Start of Block

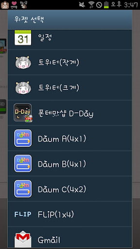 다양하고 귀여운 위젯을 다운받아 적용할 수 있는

End of Block
Start of Block

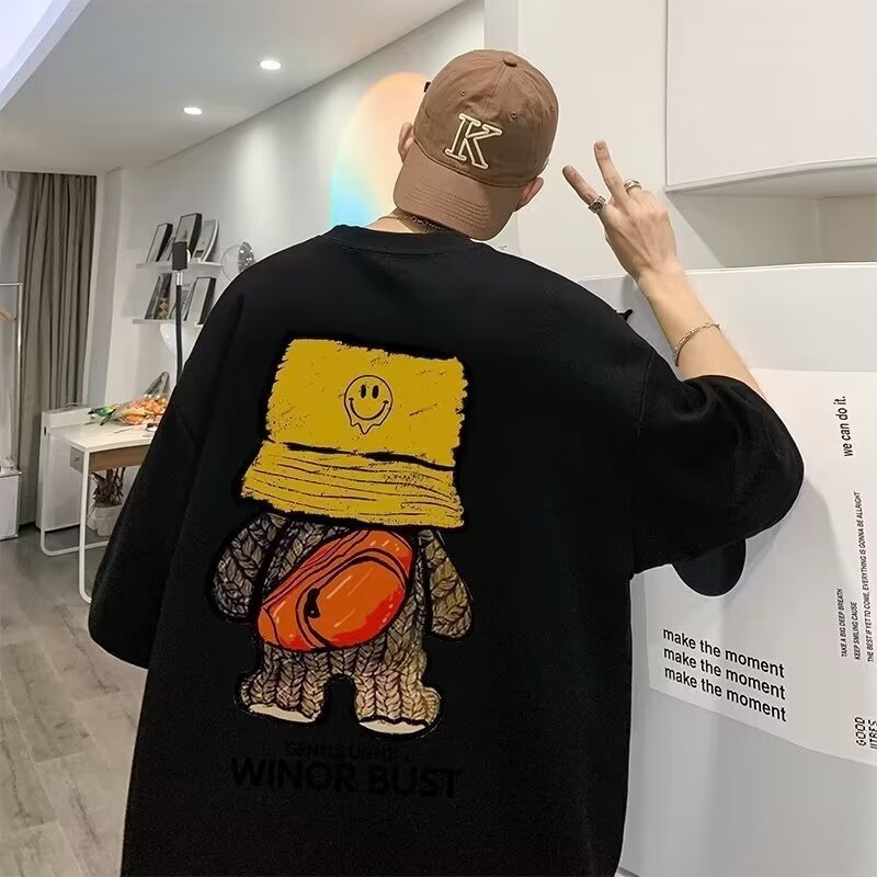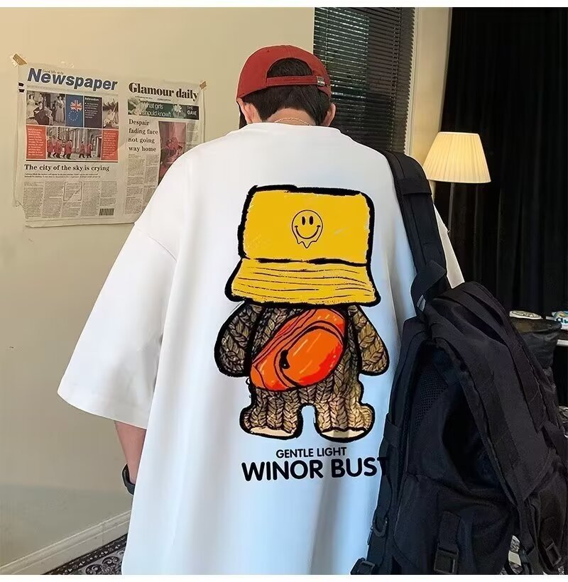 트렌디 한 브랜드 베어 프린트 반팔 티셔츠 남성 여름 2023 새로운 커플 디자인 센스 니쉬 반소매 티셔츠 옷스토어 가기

End of Block
Start of Block

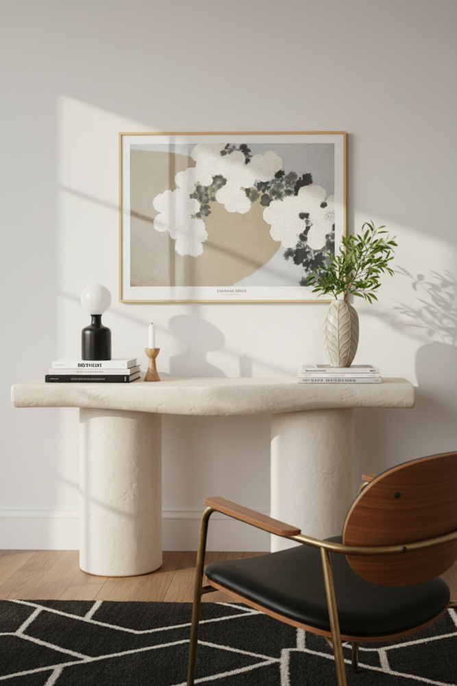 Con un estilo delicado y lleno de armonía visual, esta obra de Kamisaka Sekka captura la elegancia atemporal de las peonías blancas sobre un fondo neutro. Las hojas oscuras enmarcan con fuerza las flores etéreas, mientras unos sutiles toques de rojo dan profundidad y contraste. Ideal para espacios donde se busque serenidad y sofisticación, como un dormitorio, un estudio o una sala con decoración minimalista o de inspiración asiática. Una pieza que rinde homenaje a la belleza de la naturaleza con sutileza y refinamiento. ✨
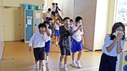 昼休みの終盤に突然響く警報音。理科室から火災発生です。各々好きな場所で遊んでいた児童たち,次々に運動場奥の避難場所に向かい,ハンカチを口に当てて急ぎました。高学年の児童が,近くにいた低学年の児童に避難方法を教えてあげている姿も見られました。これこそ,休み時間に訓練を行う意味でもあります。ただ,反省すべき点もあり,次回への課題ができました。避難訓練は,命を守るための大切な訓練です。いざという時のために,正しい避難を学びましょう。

End of Block

[YOUR TASK] Although pictures appear among the records above, none are to be output; print exactly the lines from the line containing "Con un estilo" through the line containing "昼休みの終盤に突然響く警報音".

[RESULT OF THE EXERCISE]
 Con un estilo delicado y lleno de armonía visual, esta obra de Kamisaka Sekka captura la elegancia atemporal de las peonías blancas sobre un fondo neutro. Las hojas oscuras enmarcan con fuerza las flores etéreas, mientras unos sutiles toques de rojo dan profundidad y contraste. Ideal para espacios donde se busque serenidad y sofisticación, como un dormitorio, un estudio o una sala con decoración minimalista o de inspiración asiática. Una pieza que rinde homenaje a la belleza de la naturaleza con sutileza y refinamiento. ✨
 昼休みの終盤に突然響く警報音。理科室から火災発生です。各々好きな場所で遊んでいた児童たち,次々に運動場奥の避難場所に向かい,ハンカチを口に当てて急ぎました。高学年の児童が,近くにいた低学年の児童に避難方法を教えてあげている姿も見られました。これこそ,休み時間に訓練を行う意味でもあります。ただ,反省すべき点もあり,次回への課題ができました。避難訓練は,命を守るための大切な訓練です。いざという時のために,正しい避難を学びましょう。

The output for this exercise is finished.